I’ve never owned an all out XC race bike so I decided to aim for a sub 10kg bike weight on this build. However I’m also a downhill rider at heart and therefore needed to be realistic with the bikes durability and also longevity as my go to bike for coaching and guiding. There fore I chose to run an older spec Fox 34 fork with a Fit Grip damper as they are only 100g heavier and a fifth of the cost of the much more expensive Step Cast version. They are also set at 120mm travel to maximise grip and comfort. The ease of changing the compression damping with a twist to lock out isn’t going to be a limiting factor for me. The fork contains 4 volume tokens with around 70psi in the fork. This feels very plush compared to my previous hardtail.
The wheels were a tricky choice. I planned to use the standard Kore wheels I had from my previous 29er which have extra grippy and wide downhill casing WTB tyres for the majority of trail riding as this bike can take up to 2.6 tyres. However I asked Tyred n’ Cranky to build up a wheel set for racing only. Using an older set of non-boost Hope Pro 2 Evo hubs converted to boost (thanks to some custom adaptors from DK Racing, laced onto a set of Ibis 729 carbon rims, we have a sub 1700g wheel set. Specced with 2.25 width Maxxis Aspen tyres they roll incredibly fast! Both wheel sets are set tubeless and have a Nukeproof ARD fitted to the rear wheel as it only adds 100g. This will avoid a huge amount of hassle in the event of a flat tyre as the rear wheel can be ridden flat until you reach a technical zone to change wheel and also smooths out some of the trail chatter that can be experienced on a hardtail bike.
The frame has a Hope headset fitted and a standard threaded bottom bracket. Both are reliable options and the bearings can easily be replaced. The Hope theme continues with the brakes. Hope tech 2 silver levers are paired with black Hope X2 calipers with 183mm rotors providing more than enough power and modulation for the wide range of trails this bike will ride on. A pre-loved Shimano XTR crankset mated with a standard 36 tooth chainring and a Stages Cycling left hand crank power meter reduce unnecessary weight and shifting is done by the reliable and cost effective XT 11 speed cassette, derailleur and shifter. A Funn chain guide helps retain the chain in the choppier terrain it’ll experience when riding ‘off piste’.

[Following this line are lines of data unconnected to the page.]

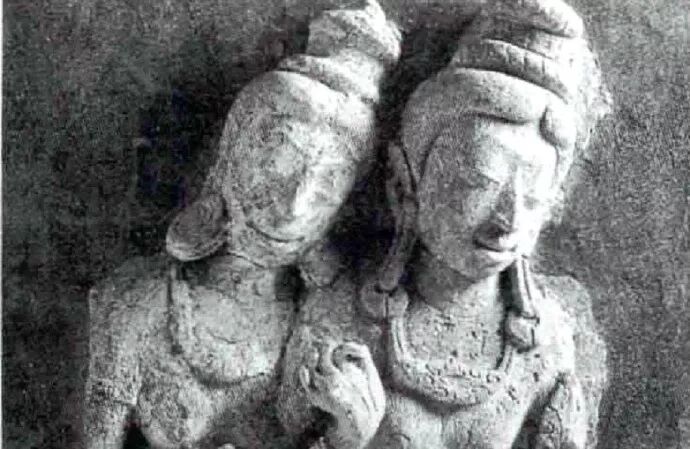 泰国曼谷国家博物馆内展示赤陶双人妇女像。前方妇女穿戴一对玦饰,耳拉长及两肩,是现今所知年代较早玦饰穿戴最写实的例子。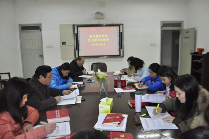 本网讯(教科院  柳丽娜)12月10日下午,院党委在三楼会议室召开党支部书记例会布置近期工作,院党委书记刘晓宇、院党委副书记张如华、各教工和学生党支部书记参加了会议,会议由院党委书记刘晓宇主持。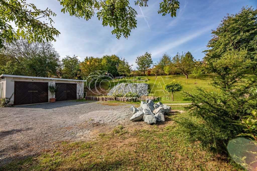 U vjezdu na pozemek je dvougaráž a další plocha na odstavení vozidel.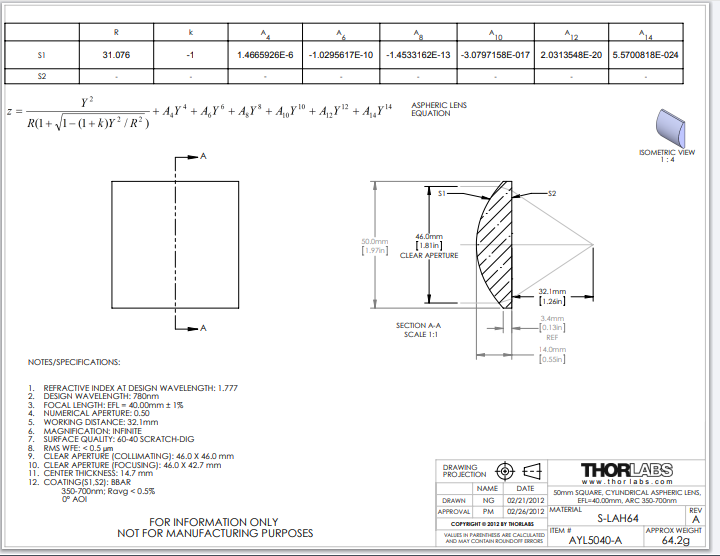 Thorlabs索雷博     AYL5040-A   平凸非球面柱面透镜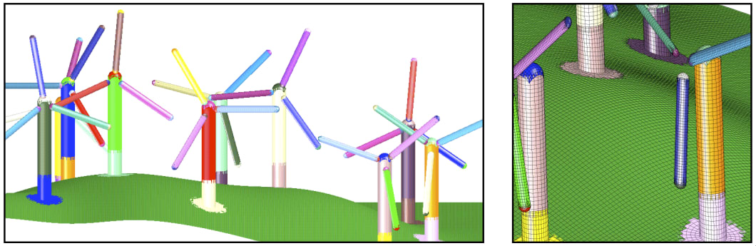 CgWind’s technology exploits the composite grid approach, which leverages the computational benefits of overlapping, structured grids to represent complex geometry. These grids are ideal for the high-order accurate compact discretizations used by CgWind as well as the matrix-free geometric multi-grid algorithm that enables large-scale, high-resolution computations with realistic geometry. The composite grid approach, also known as overlapping or Chimera grids, provides a natural and efficient mechanism for modeling bodies in relative motion. Each turbine blade and tower is meshed independently with high-quality, structured grids and assembled automatically into a collection of overlapping grids. When the geometry moves (e.g., the blades rotate or deform), the new configuration undergoes local regridding, which is orders of magnitude faster than the global remeshing methods used in many unstructured mesh approaches.
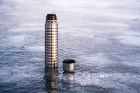 Open thermal cup on the ice of Lake Baikal. coffee break

To keep the weight down I chose a Funn Black Label carbon handlebar cut down to 750mm. It has very little rise so it has taken me a while to get the correct number of spacers under the stem. That stem is a 35mm long stem for 31.8 width bars. Combined with the lightweight Funn bar to keep the handling quick and to avoid unnecessary vibrations.
Riding the bike uphill the difference compared to a steel bike is phenomenal! Its short chain stays make the bike feel responsive as it zips around. The ground that can be covered is astounding. It’s agile and very quick to accelerate. On a 25 minute XC loop I’ve knocked almost 4 minutes off the time it takes to complete. That’s a 16% decrease in time! Assuming I maintained the same fitness and the course conditions are the same of course. With the lightest wheels fitted this build comes in at 9.79kg! With the heavier wheels it’s a touch over 10.31kg. It could easily be reduced further for XC racing although it’d lose its versatility and comfort for XCM and all day trail rides.
Descending the bike has required a different approach. The Fox fork is very plush for only 120mm travel and I have found it prefers to hug the ground and absorb bumps. This enables you to hold a line very easily although the fork does dive in rough conditions and is tougher to pump through the terrain. Fitting more volume spacers has helped provide more progression but hasn’t made the bike too poppy or playful. The rear end doesn’t flex much so square edge bumps are brutal unless you pick the most smooth and efficient lines to maintain your speed. The DV9 remains very balanced when jumping in the air and is easy to control when doing a manual thanks to the short rear chain stays. Overall this bike is excellent bike for trail riding or hardcore XC and marathon racing!